PureLine Solutions is home to cutting-edge experts in sanitation, and we’ve been pleased to host a number of webinars on relevant food safety trends and concerns. Most recently, we hosted a roundtable focused on combating Cronobacter, a pathogen that has been in the headlines lately following an outbreak at an infant formula producing facility in Michigan. On August 10th, we hosted a critical panel with three important experts in food safety: Dr. Martin Wiedmann, the Cornell University Gellert Family Professor in Food Safety, Joe Stout, founder of Commercial Food Sanitation (CFS), and Monty Bohanan, Corporate Manager of Sanitation at Leprino Foods.
Cronobacter 101
Dr. Wiedmann led an introduction to the Cronobacter species, noting that C. sakazakii, C. malonaticus, and C. turincensis are often the most problematic for food safety concerns. Cronobacter can be concerning for people of all ages, but the infection can be particularly problematic for those with weakened immune systems, those who are 65 years+, or for infants, who can develop sepsis or meningitis as a result of cronobacter bloodstream infection. Cronobacter infections among infants typically occur as a result of contaminated infant formula, which is most topical given the recent Abbott Nutrition Michigan facility’s outbreak. Right now, there’s only one state in America that requires reporting of infections. Unlike the regulations surrounding Listeria, another food-borne illness, Minnesota is the only state with required reporting for Cronobacter infections and illnesses, which means that there’s currently limited data on Cronobacter outbreaks.
Dr. Wiedmann stressed the importance of a few key takeaways: using trusted labs for Cronobacter testing is crucial, there’s a high likelihood that Cronobacter will become more of a focus of regulatory and food safety agencies in the future, and that whole-genome sequencing (WGS), a strategy to investigate outbreaks, is at its infancy for Cronobacter, meaning the future of detecting and preventing Cronobacter outbreaks is somewhat unclear. To learn more of Dr. Wiedmann’s recent work regarding WGS and food safety, you can read “Where Old Law Meets a New Era of Smarter Food Safety”, which he co-authored with Melanie Neumann, J.D., M.Sc.
Zoning & Floors
Joe Stout, founder of CFS, then presented on zoning and floors.
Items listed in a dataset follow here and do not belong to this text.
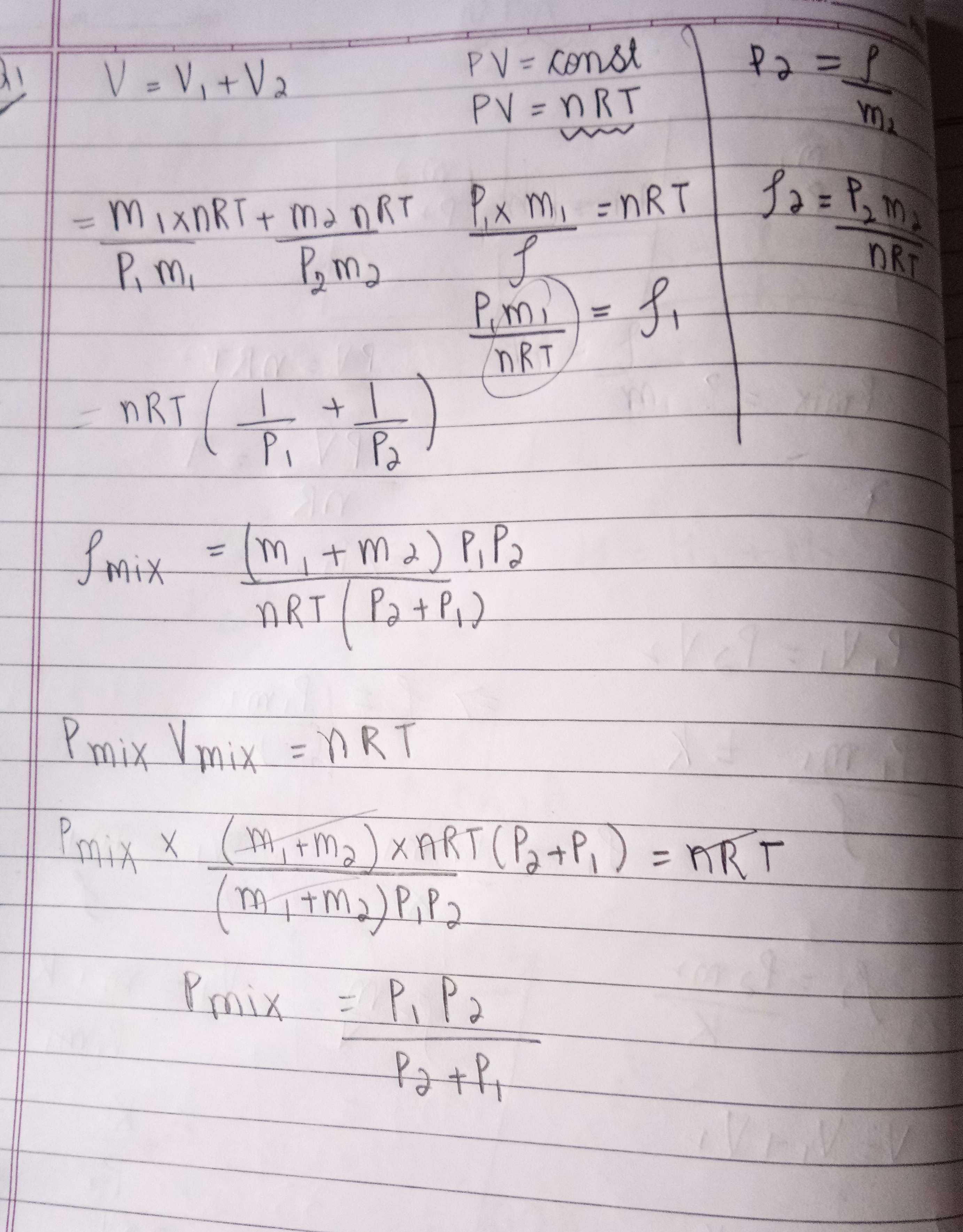 answer is= P1P2(m1+m2) / (P2m1+P1m2)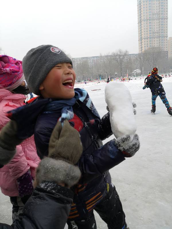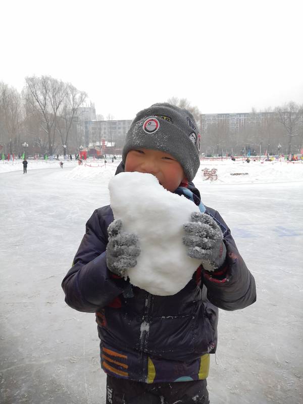 不过摔完竟然能躺在冰上仰天哈哈乐!完全放松下来!孩子享受大自然的赠予
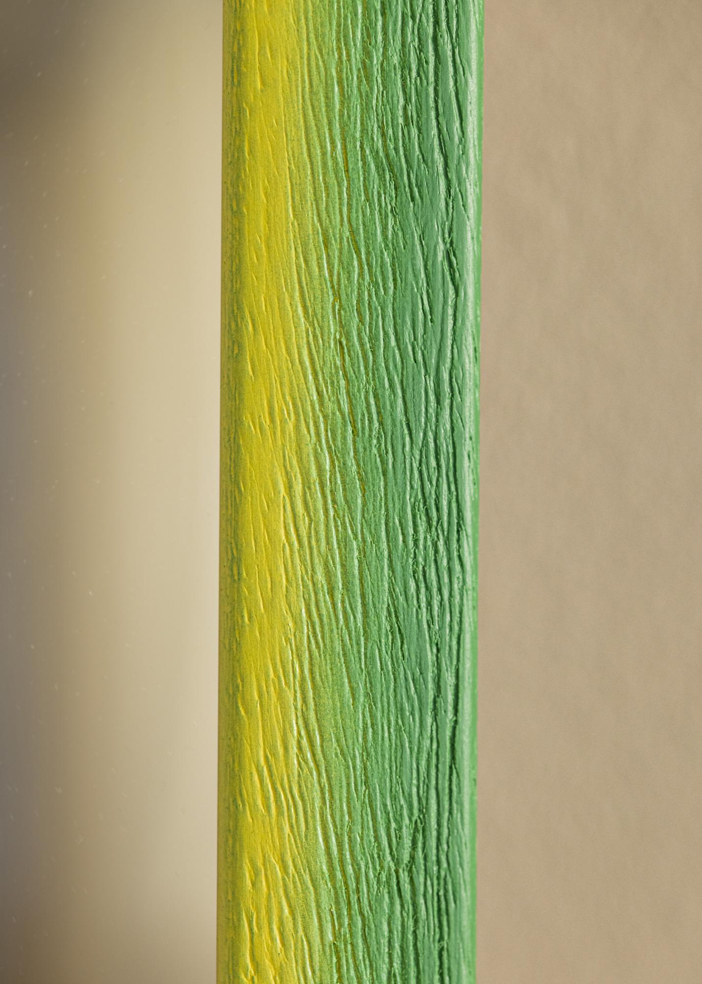 Toto zrkadlo sa vyznačuje svojou živou farebnou škálou, kde mäkký prechod zo slnečnej žltej na bujnú zelenú vytvára harmonickú a prívetivú atmosféru. Povrch je charakterizovaný zreteľnou drevenou štruktúrou s hlbokými žilami, čo dodáva zrkadlu hmatový pocit, ktorý je zároveň moderný a rustikálny. Farebné odtiene sa prirodzene spoja a vytvárajú efekt ručného maľovania s organickým výrazom, čo robí každé zrkadlo jedinečným.

He identified that there are multiple pathogens of concerns for dairy products, and that Cronobacter sakazakii is particularly relevant. Stout presented “the pathogen equation”, which follows:
Separate raw from RTE + Good manufacturing practice and controlled conditions + Sanitary facility and equipment design + effective cleaning and sanitation procedures and controls + environmental pathogen monitoring = effective pathogen control.
Separating raw from ready-to-eat food is a crucial first step in this equation. Hygienic zoning, the process of creating barriers to protect areas and product of increased sensitivity from environmental contamination, is important in separating raw from RTE foods.
Floors are also crucial in maintaining a safe, sterile environment. Stout said to think of floors like “a bacteria farm field”, where all sorts of pathogens can spread. Stout recommends exploring dry chemical foot controls, as they can be particularly effective for Listeria or Salmonella growth, but that being intentional and critical about selecting a sanitizer chemical supplier is important, as many dry chemical foot controls aren’t EPA registered and make no efficacy claims. For further reading, Stout recommended “Controlling Pathogens in Dairy Processing Environments: Guidance for the U.S. Dairy Industry.”
Environmental Monitoring & Dry Sanitation
Lastly, Monty Bohanan presented on environmental monitoring. He explained that verifying and validating all pathogen control programs is the final key in the pathogen control equation. The pathogens of concerns for dry environments are Salmonella, and most topically, Cronobacter. These bacteria are resilient, meaning they can survive in very warm environments. Using indicator organisms, such as EB swabs, is an effective way to monitor the environment for Cronobacter and Salmonella. Swabbing regularly and consistently is important.
Bohanan says that dry sanitation, or a “war on water” is particularly effective, as wet sanitation can allow the Cronobacter to adapt to their environment and continue to grow. Mixing wet and dry cleaning is a “recipe for disaster”, and any alcohol used in the process must be 100% dried out. Dry sanitation is best completed through the use of vacuum cleaners, which serve as both the tool for sanitizing and the drain through which samples can be collected and tested. He stressed that with dry cleaning, there must be a defined process, with a set schedule and 24/7 implementation, not just the typical 4-hour window we often think of in food safety sanitation. Bohanan said that he uses PureLine’s ClO2 gas as a dry cleaning method, and he stressed the importance of working with professionals to implement chlorine dioxide solutions.